[Description of the task]
Take the line that contains "10.全面开展药品监管科技攻" and each one after it through the last line below, and retype them exactly. Leave out the pictures.

[Records drawn from a dataset]
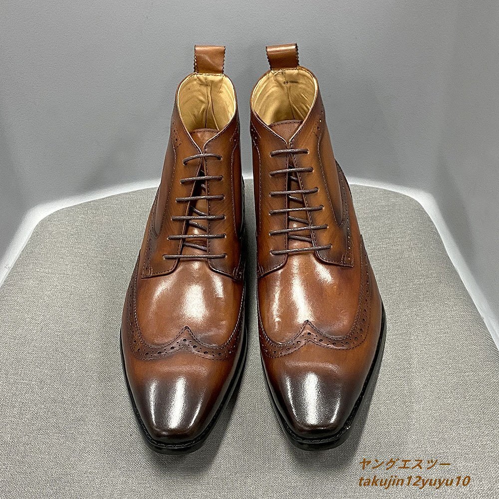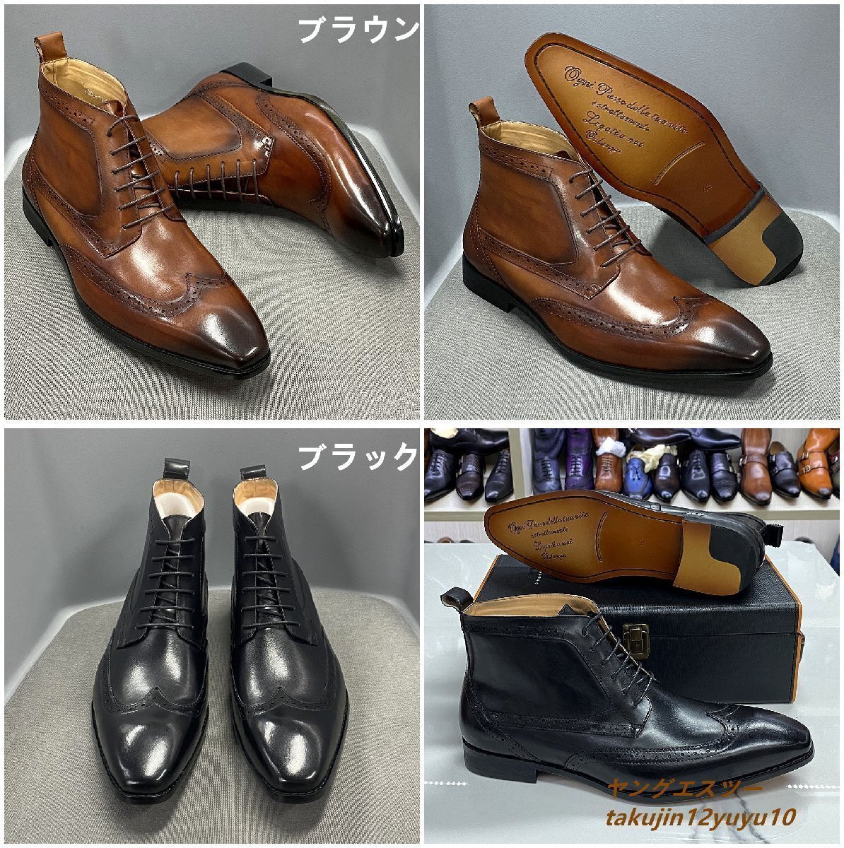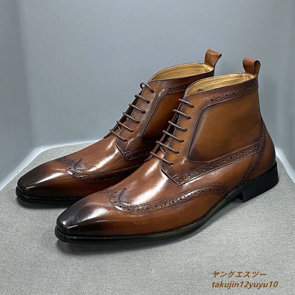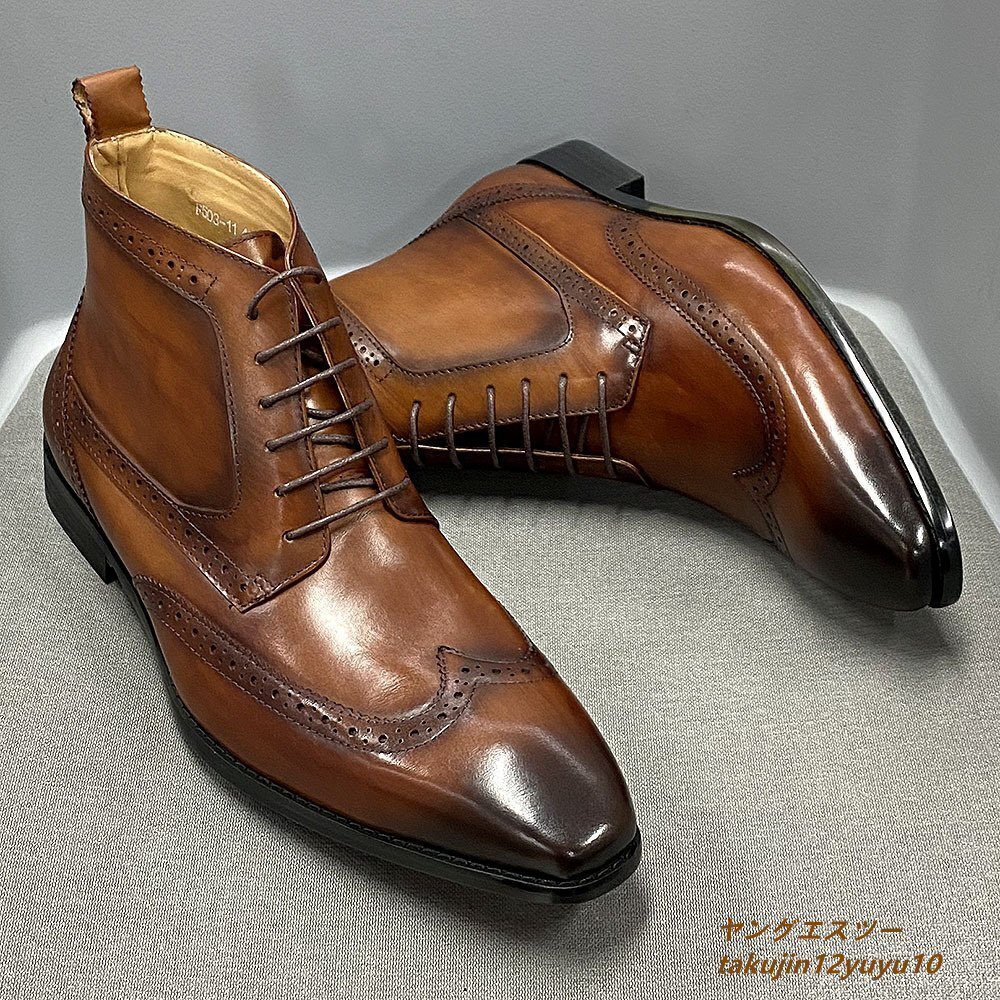 定価11万 新品 レザーブーツ 最高級メンズブーツ ショートブーツ 牛革 マーティンブーツ 本革エンジニアブーツ 職人手作り ブラウン 27.5cm
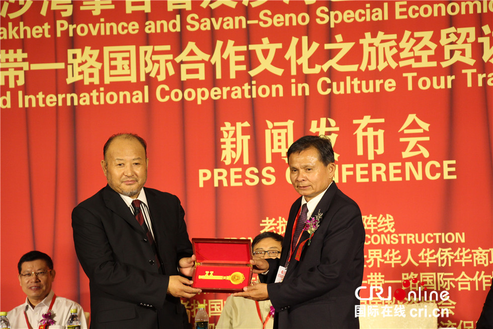 老挝建国全国阵线副总理兼秘书长森平叁帝威先生向“一带一路国际合作文化之旅访问团”中方团长梁海洋博士赠送“象征欢迎走进老挝” 开启老挝国门的金钥匙.
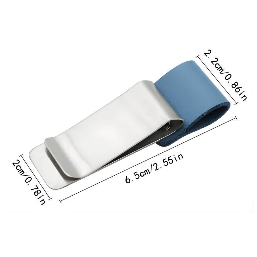 The pen holder money clip is made from durable stainless steel combined with PU leather, offering a slim and portable design that fits seamlessly into everyday work environments. Its metal front surface is ideal for laser engraved logo customization, allowing brands to create personalized pen holders and money clips for corporate gifts, promotional giveaways, and branded office accessories.
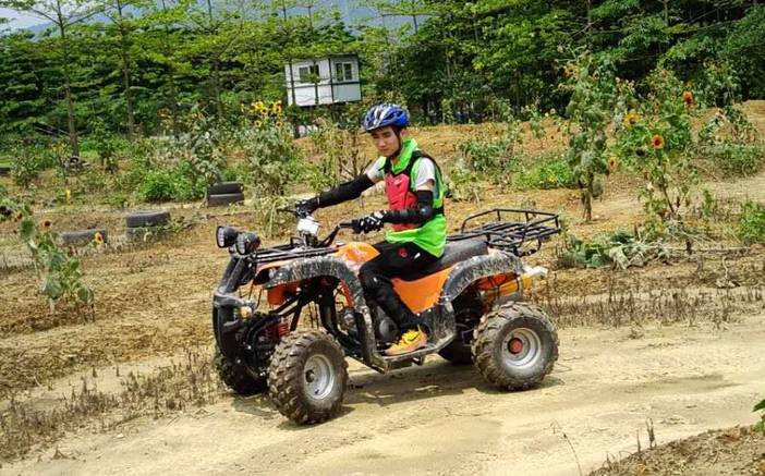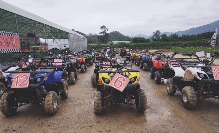 【5A花海越野车俱乐部】选用大排量沙滩越野车,拥有5公里专业赛事用道,设有连续多弧度弯道,发夹弯,V字斜坡, 竞速,漂移 。
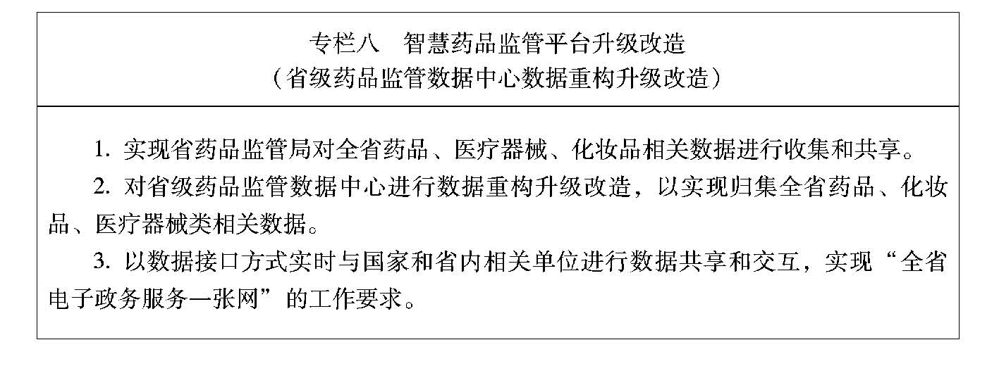 10.全面开展药品监管科技攻关。继续巩固和完善智慧药品监管平台建设,启动药品(疫苗)电子追溯体系等4个药品监管平台建设与应用,不断推动监管方式转变和监管效能提升。采取“国家平台升级+地方平台改造对接”的方式,完成与国家平台统一门户、数据共享、应用协同等不同深度的对接。建成上下统一的业务协同、安全可靠的一体化云计算和大数据中心,解决基础性、关键性、前沿性和战略性的技术问题。
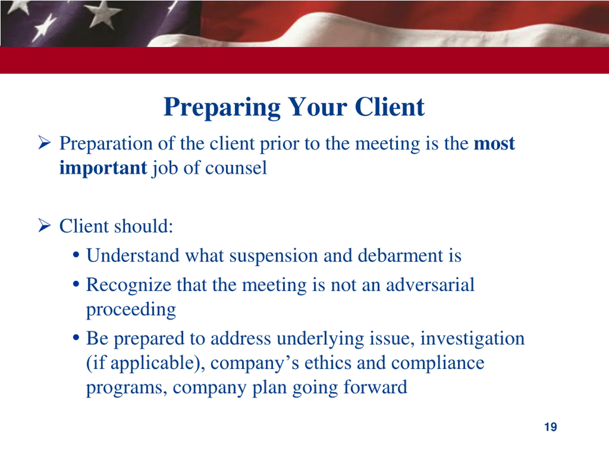 Preparing Your Client Preparation of the client prior to the meeting is the most important job of counsel Client should: Understand what suspension and debarment is Recognize that the meeting is not an adversarial proceeding Be prepared to address underlying issue, investigation (if applicable), company s ethics and compliance programs, company plan going forward 19

[Solution to this exercise]
 10.全面开展药品监管科技攻关。继续巩固和完善智慧药品监管平台建设,启动药品(疫苗)电子追溯体系等4个药品监管平台建设与应用,不断推动监管方式转变和监管效能提升。采取“国家平台升级+地方平台改造对接”的方式,完成与国家平台统一门户、数据共享、应用协同等不同深度的对接。建成上下统一的业务协同、安全可靠的一体化云计算和大数据中心,解决基础性、关键性、前沿性和战略性的技术问题。
 Preparing Your Client Preparation of the client prior to the meeting is the most important job of counsel Client should: Understand what suspension and debarment is Recognize that the meeting is not an adversarial proceeding Be prepared to address underlying issue, investigation (if applicable), company s ethics and compliance programs, company plan going forward 19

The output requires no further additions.